A Historical Context 

The idea of the two-state policy as a solution for the Israel-Palestine war goes back to the UN Partition in 1947, where the British colonized region was divided into separate Arab and Jewish states. There was a stark disagreement, following the proposal as the Jewish leaders agreed, while the Arab leaders showcased resistance, causing the war of 1948 and establishment of Israel.  

Israel went on to capture West Bank, Gaza, East Jerusalem and a few more territories. The United Nations Security Council Resolution 242 led to the withdrawal from occupied territories, to maintain peace and secure borders. Another critical juncture in the history of Israel and Palestine rivalry was the Oslo Accords. It led to the creation of the Palestinian authority and aimed at a successful final -status negotiations with a lasting solution on subjects like borders, security, refugees and Jerusalem.  
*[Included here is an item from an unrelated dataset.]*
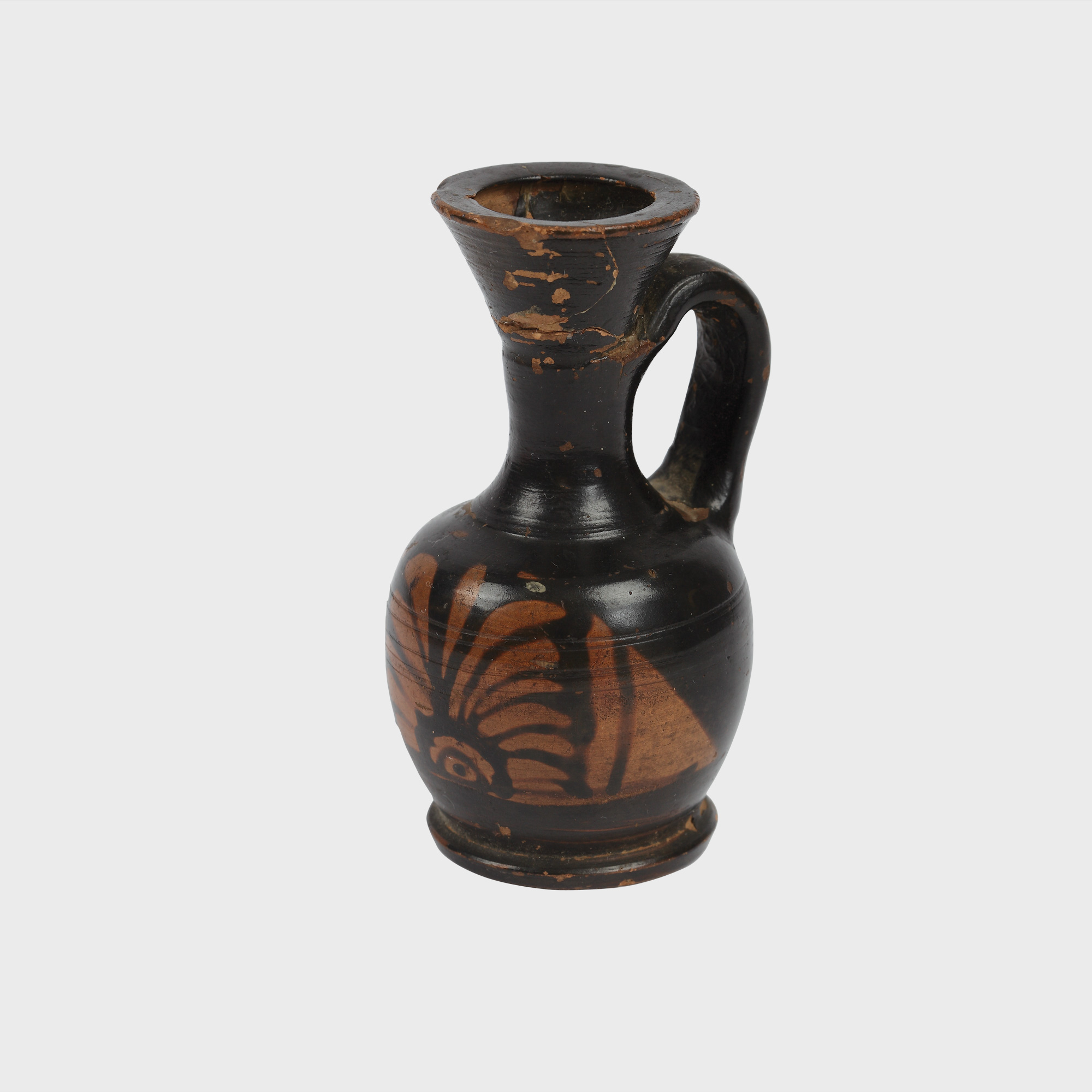 Frumosul vas Lekythos, produs la Atena în prima jumătate a sec. IV î.e.n., provine probabil din nordul Macedoniei grecești, zonă în care au fost descoperite artefacte similare. Vasul este acoperit integral de firnis negru cu luciu strălucitor, iar figuri în nuanțe de roșu oferă un decor specific perioadei. Palmeta este înconjurată de o bandă fină, între două semi-palmete. Vasele erau produse în ateliere ateniene și importate în Dobrogea. Negustorii le livrau în primul rând populației cetăților grecești. În cadrul relațiilor dintre aceste cetăți și populația locală geto-dacică, aceasta din urmă ajungea să folosească artefactele culturii materiale grecești, în special cele de uz comun. Ceramica sau monedele au fost chiar copiate, la un moment dat, de către geto-daci.

They were followed by consecutive efforts, with talks conducted at the Camp David Summit in 2000, and Taba Summit in 2021, which failed as well. Palestinian Leaders rejected the proposals, on the grounds of inadequate concessions for refugees and Jerusalem. Israel also fueled this disagreement, as they raised the matter of Palestinian rejectionism and terrorism. 
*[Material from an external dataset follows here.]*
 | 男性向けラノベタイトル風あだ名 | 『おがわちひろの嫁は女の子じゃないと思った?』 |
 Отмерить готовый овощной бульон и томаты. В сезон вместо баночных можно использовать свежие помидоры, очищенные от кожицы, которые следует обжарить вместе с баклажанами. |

Positive Outcomes from following a Two – State Policy 

Self-Determination for Both the States 

The two-state policy satisfies the aspirations for people of both regions. A proper Palestine state would conclude the struggle for millions of people, decreasing the radicalization ensuring greater stability. The following pathway is considered a comparatively more viable path by the UN and an increasing number of countries to ensure lasting peace 

Security Concerns for Israel 

If the Palestinian state is demilitarized, and backed with firm international guarantees, Israel’s major security concerns might get resolved. Moreover, an environment that promotes a normalized relation with the Arab states can lead to a greater economic integration. These regional alliances could also provide incentives to uphold peace in the region. 

A Demographic Motivation 

Israel also risks becoming a binational state, where its Jewish character gets threatened, with speculations of the circumstances leading to apartheid like situations. Many Israelis and related diaspora support the two-state policy, to protect the Zionist ethos. 

Technical Viability 

There might be settlements, coupled with effective land swaps and a phased implementation strategy, which can lead to the creation of a sustainable Palestinian territory. After negotiations and deliberations, technical gaps can be bridged, with time. 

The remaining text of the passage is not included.